Тэг: философская лирика

Исповедь

Рок до крайнего вздоха порождал ураган.

Начиналась эпоха, зачинался орган.

У речного потока я неслышно почил

в эхе тихого вздоха, что меня приучил

рок не видеть — но чуять его шёпот благой,

как отшельник, кочуя из апреля в другой,

прославляя тощую жизнь сию, тож — юдоль,

не пройти кою всуе поперёк или вдоль. 

Так как рок  это сила, только если не знать,

что у Бога просила истощённая Мать.

Сложно Матерь просила, ну а Бог в свете звёзд

отвечал негасимо: «Жено, мати, я прост». 

***

Благословенно отзвучие
всякого хода
в этой простейшей сути
вещей, оцеплённой 
множеством рук,
думающих, что они
тянутся к Вечности,
хотя то — лишь слово,
вечность, его кенотаф.

И тянутся,
растягивая плечо.
А смерть-то — лишь
форма бытия. 

Pro tempore

Вода сглаживает камень,

омывает его скрип,

умягчает его серость.

А под камнем — кости,

хрупкие кости,

под камнем преткновения —

хрупкие кости,

о которых вспоминаю я,

и иногда — настоящее,

когда страшится грядущего.

Стремление реки, воды 

спотыкается о камни,

а кости каются прошлому,

в небытии. 


Соль времён — камни сии.

Но только воды смогут

отдать своих мертвецов,

сточив камни и достав кости,

ставшие песком. 

В горах


Лёгкое целит горный воздух. 

Зелень — цельное небо — лень — 

лёгкое облако, 

пропащее в тернии омрака. 

Горний роздых души: 

и не душит стена, 

и не стенает взор — дышит 

в полом изяществе зорь 

и зодчестве гор, 

в их горе, одиноком, талом, 

где оком мокрым 

рыдают скалы. 


Ан, и солнце — maxd’or. 

Антисолнце — мечты, 

что горят лёгким следом 

от вето ветра на пыльцу, 

пыль. Цуниитом 

окрасившийся зенит 

ответом на взор мирволит 

лёгким следом 

да мир холит. 


2 


Звуки опростели. 

Аллитерации растворились 

в пении горных птиц. 

Ассонансы утратили 

шансы на силу 

в переливе высокого 

перламутра. 

Возвышается пейзаж, 

окутанный возвращением 

в прошлое — то есть 

бегством от рутины; 

оная опережает 

свой же шаг, 

физику — звукопись. 


Высечь хочется однотипность — 

да никак не высеку, 

ибо времени не станет, 

жизни! — стихов! 


Горы дают мне кислород, 

а я даю ему материю — 

и это всё, что я могу. 


Звучите, слова! 

***

Мне сложно подыскать слова, впрочем, не на ристалище

я — думающий вечно о радости да о горести. 

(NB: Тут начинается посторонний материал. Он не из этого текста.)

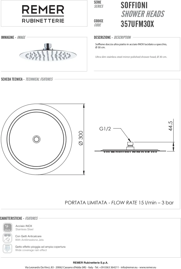 Сверхтонкая душевая головка из нержавеющей стали с зеркальной полировкой, Ø30 cm._ Ø20 cm. with code 357UFM20X_ Ø25 cm. with code 357UFM25X_ Øx40 cm. with code 357UFM40X

Признаться — куда реже о проести,

чем о капище. 


Я никогда не просыпаюсь в ночь. Небытийное

для меня — личинное, как и для всех. В сущности

я, слыша слова — в их созвучности

с жизнью, — пою единое. 


Я иду с тобой — от тебя только дух сиреневый. 

Это всё, что я чувствую в этой незримой лёгкости.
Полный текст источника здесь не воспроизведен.